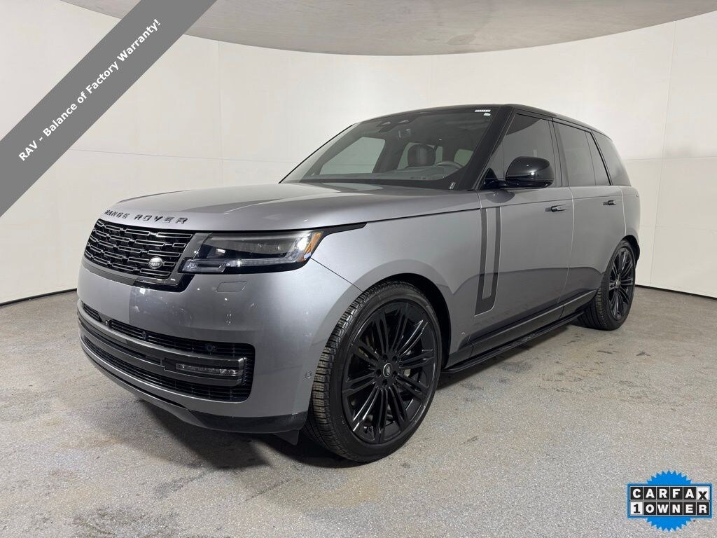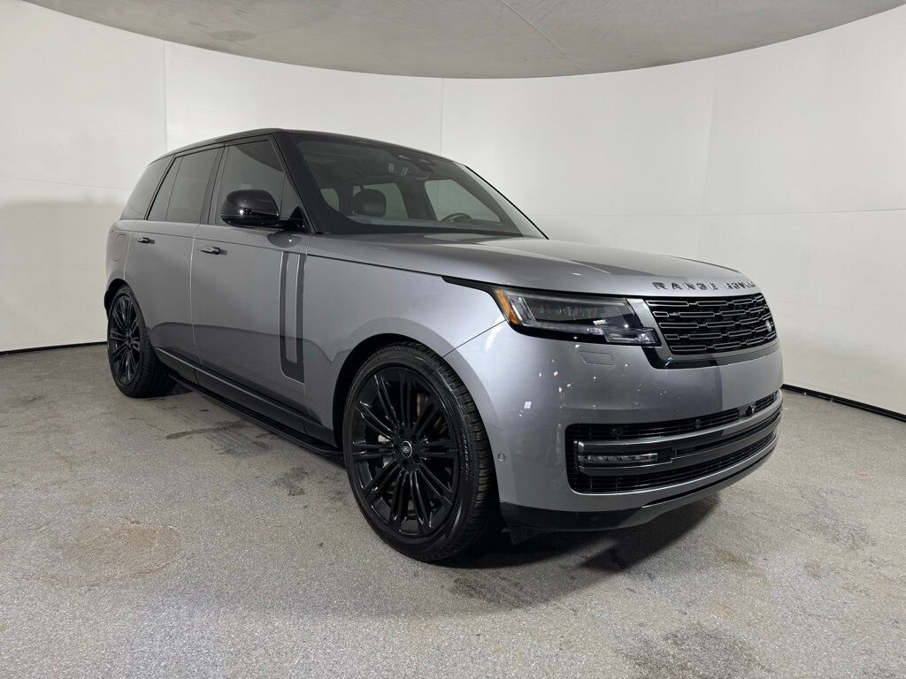 Reaquired Vehicle. Balance of Factory Warranty. 20-Way Heated/Ventilated Electric Fr Bucket Seats, Black Contrast Roof, ClearSight Interior Rear-View Mirror, Deployable Side Steps (RR009), Exterior Parking Camera Rear, Front reading lights, Garage door transmitter: HomeLink, Genuine wood console insert, Genuine wood door panel insert, Head-Up Display, Headlight cleaning, Heated front seats, Heated rear seats, Heated steering wheel, Leather steering wheel, Navigation system: Pivi Pro Connected Navigation, Panic alarm, Perforated Windsor Leather Seat Trim, Pixel LED Headlights w/Signature DRL, Power moonroof, Radio: Meridian 3D Surround Sound System, Rain sensing wipers, Security system, Speed-Sensitive Wipers, Ventilated front seats, Ventilated rear seats, Wheels: 23" 10 Split-Spoke Gloss Black. 2024 Land Rover Range Rover SE Eiger Gray Met
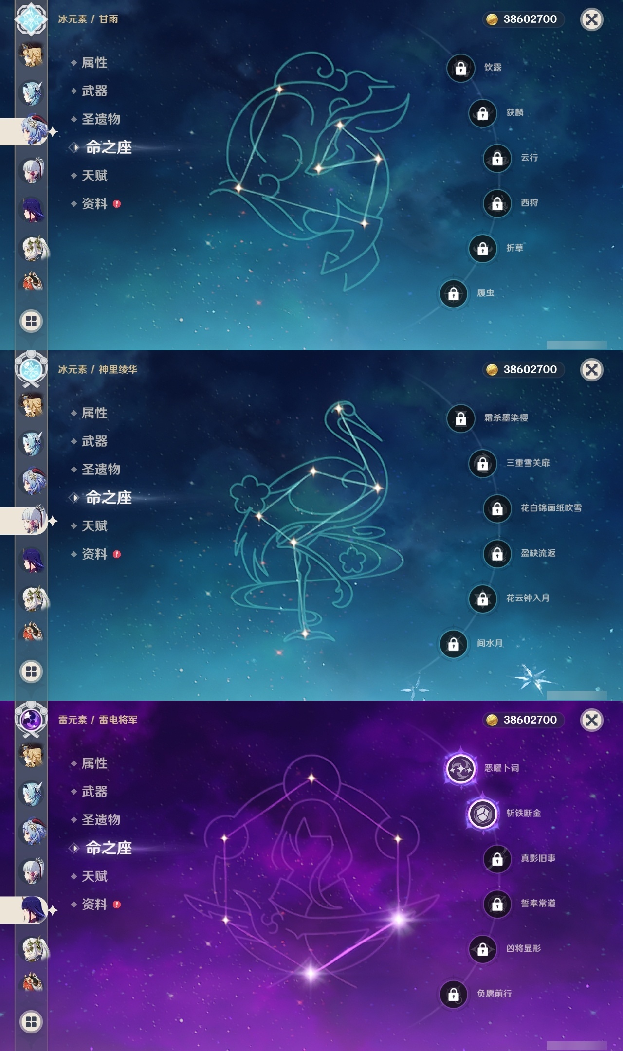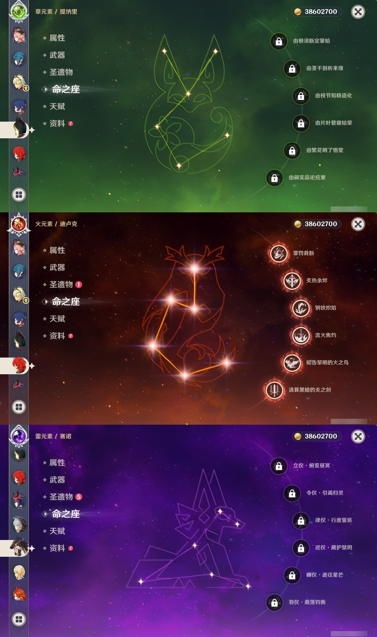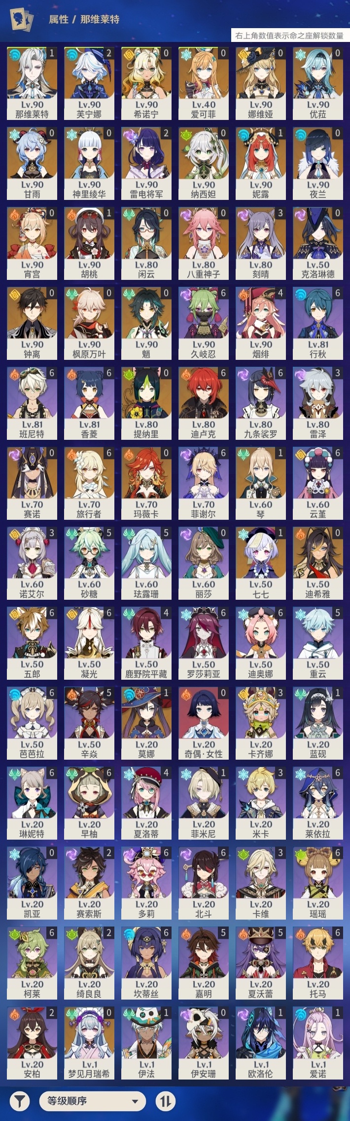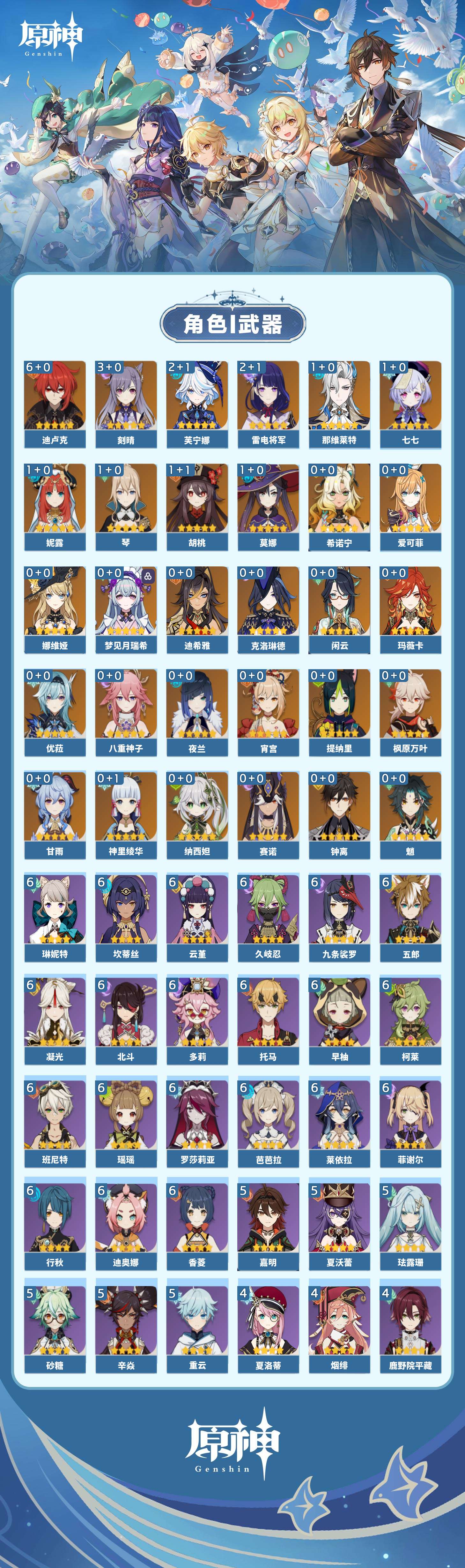 【原神】【lyys8760】冒险等级:60,五星数量:40,五星角色:迪卢克 6命刻晴 3命芙宁娜 2命雷电将军 2命那维莱特 1命胡桃 1命莫娜 1命七七 1命琴 1命妮露 1命希诺宁神里绫华玛薇卡宵宫优菈迪希雅钟离梦见月瑞希八重神子夜兰娜维娅提纳里闲云赛诺爱可菲纳西妲枫原万叶甘雨魈克洛琳德__五星武器:静水流涌之辉护摩之杖四风原典天空之傲天空之卷天空之刃天空之翼雾切之回光薙草之稻光__四星角色:班尼特 6命行秋 6命九条裟罗 6命香菱 6命久岐忍 6命凝光 6命迪奥娜 6命瑶瑶 6命莱依拉 6命坎蒂丝 6命多莉 6命柯莱 6命芭芭拉 6命云堇 6命早柚 6命托马 6命五郎 6命罗莎莉亚 6命菲谢尔 6命北斗 6命琳妮特 6命珐露珊 5命砂糖 5命重云 5命辛焱 5命夏沃蕾 5命嘉明 5命鹿野院平藏 4命烟绯 4命夏洛蒂 4命卡齐娜 3命米卡 3命卡维 3命诺艾尔 3命雷泽 3命绮良良 2命赛索斯 2命欧洛伦 1命蓝砚 1命菲米尼 1命伊法 1命爱诺 1命奇偶·女性伊安珊
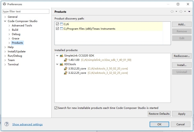 選擇Window>Preferences>Code Composer Studio>Products,確認SDK的路徑和XDCtools的路徑。
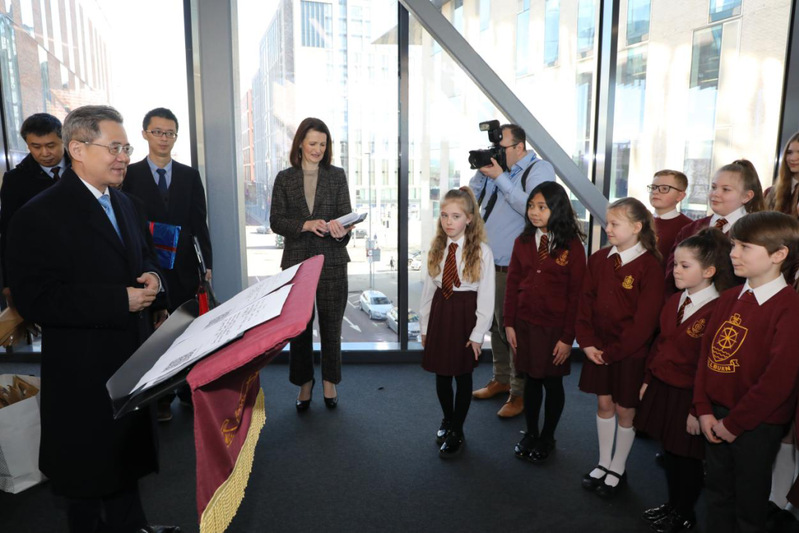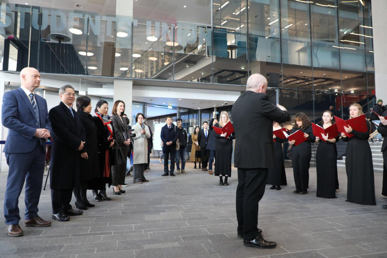 在访问奥斯特大学期间,郑泽光大使一行进入奥斯特大学贝尔法斯特校区BC座大厅时,奥斯特大学合唱团在孔院教师的扬琴伴奏下,用中文演唱《我爱你中国》,感情真挚、歌声悠扬,赢得现场观众阵阵掌声。
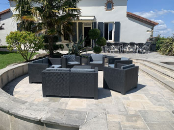 Terrasse - 2 grandes tables et 15 chaises - 2 canapés et 4 fauteuils en résine - 1 meuble avec 1 plancha à gaz - Transats (x5)
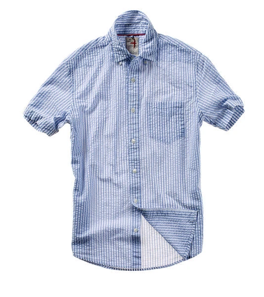 Seersucker is a must-have staple of any proper summer wardrobe. Our lightweight seersucker weighs in at 95 grams per square meter. The magic of seersucker is that cotton is an infinitely breathable material, and in the case of seersucker, the fabric never wholly touches the skin—and never the lower arms in this scenario.
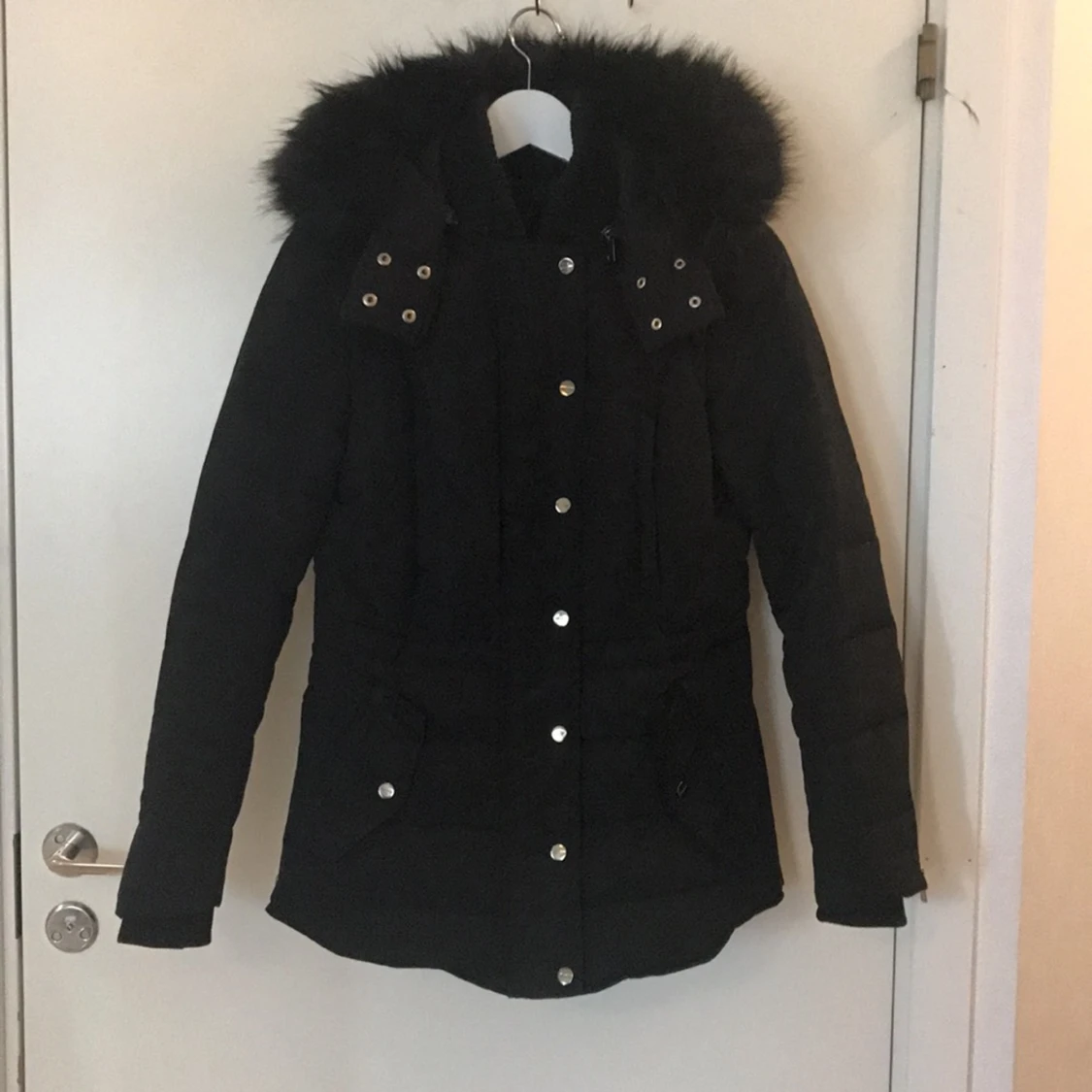 Svart jacka från Zara. Gulddetaljer och med svart päls. Något figursydd runt midjan.
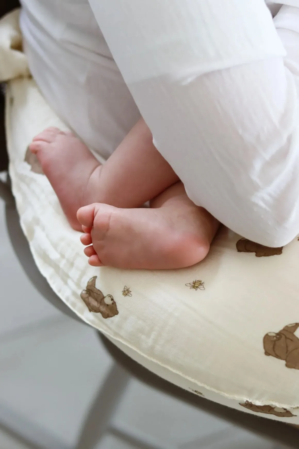 – Ekstra lange ender, der kan bindes sammen for at skabe et hyggeligt sted at sidde eller rundt om livet for optimal amme-komfort.
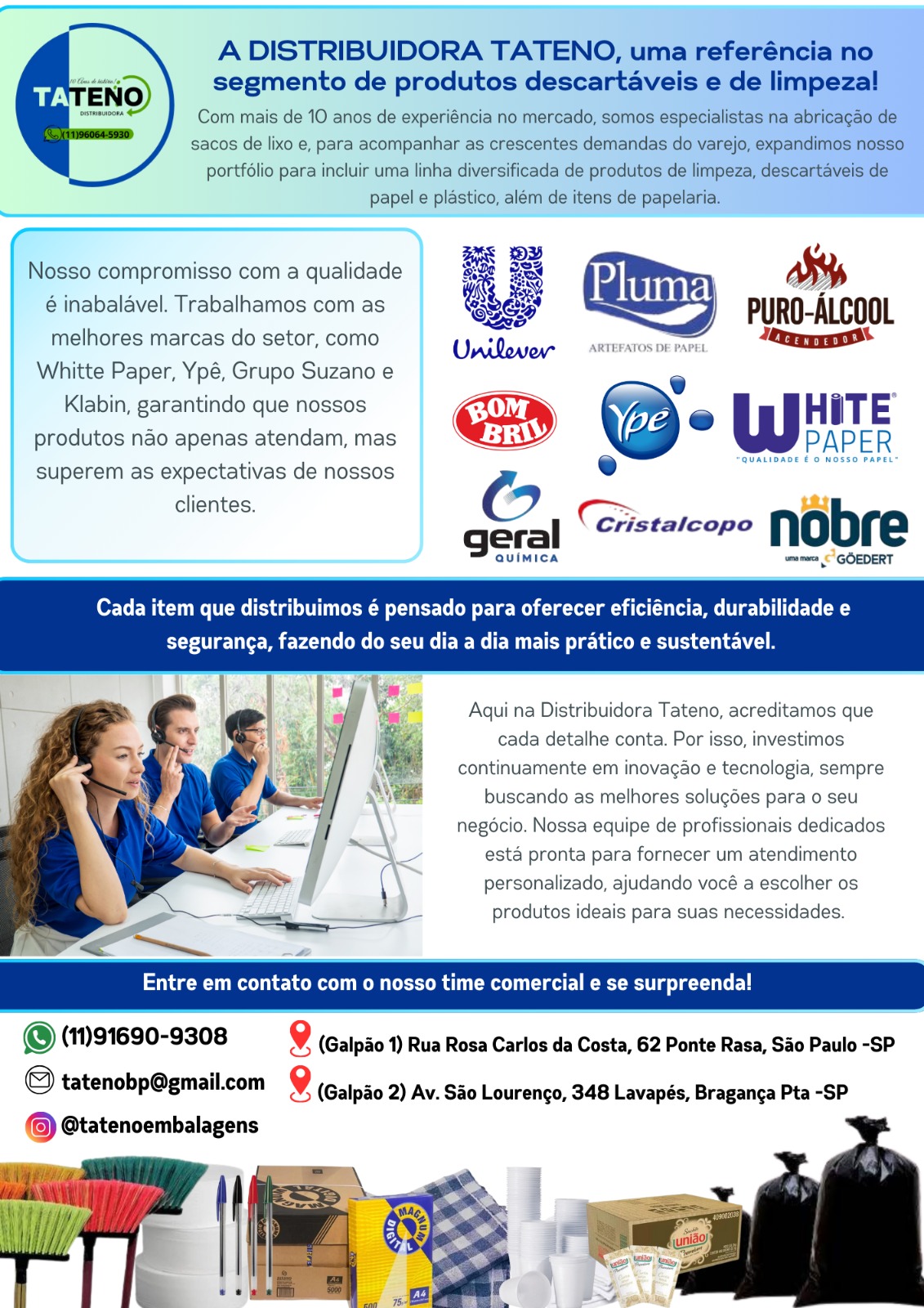 Com mais de 10 anos de experiência, a Tateno Comercial é especialista na fabricação de sacos de lixo e oferece uma linha completa de produtos de limpeza, descartáveis e papelaria. Com atendimento dedicado e compromisso com a qualidade, convidamos você a conhecer nossas soluções e vivenciar a experiência de trabalhar com uma empresa de tradição e confiança.
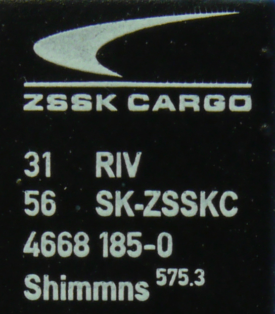 | • 31 56 4668 185-0 | → | nákladní, s podvozky, pevný rozchod, ve vlastnictví železniční správy, RIV, PPV |
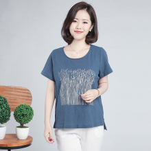 40-50岁中年妈妈装夏装棉麻短袖t恤女宽松大码中老年女装印花上衣
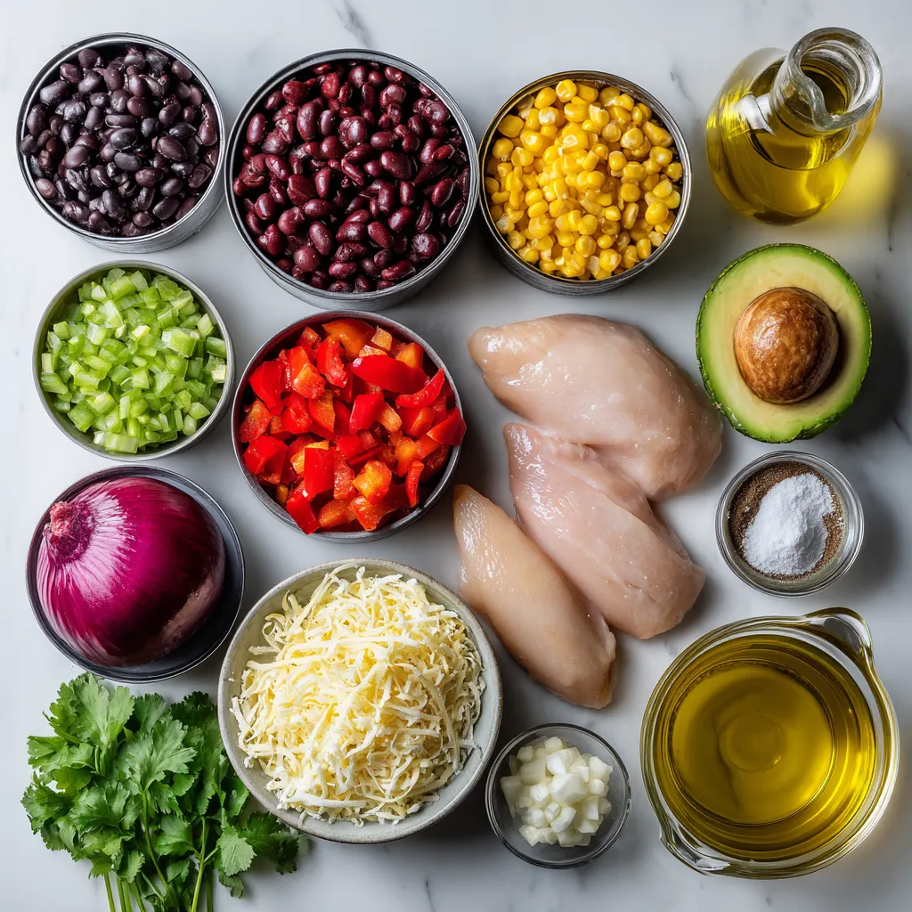 You need chicken breasts for a rich base. Beans add protein and fiber. Corn gives a sweet crunch, while tomatoes bring acidity and flavor.

§ §

Pictures are not part of the copy; reproduce exactly and only the lines from the line containing "Com mais de" through the end of the listing.

 Com mais de 10 anos de experiência, a Tateno Comercial é especialista na fabricação de sacos de lixo e oferece uma linha completa de produtos de limpeza, descartáveis e papelaria. Com atendimento dedicado e compromisso com a qualidade, convidamos você a conhecer nossas soluções e vivenciar a experiência de trabalhar com uma empresa de tradição e confiança.
 | • 31 56 4668 185-0 | → | nákladní, s podvozky, pevný rozchod, ve vlastnictví železniční správy, RIV, PPV |
 40-50岁中年妈妈装夏装棉麻短袖t恤女宽松大码中老年女装印花上衣
 You need chicken breasts for a rich base. Beans add protein and fiber. Corn gives a sweet crunch, while tomatoes bring acidity and flavor.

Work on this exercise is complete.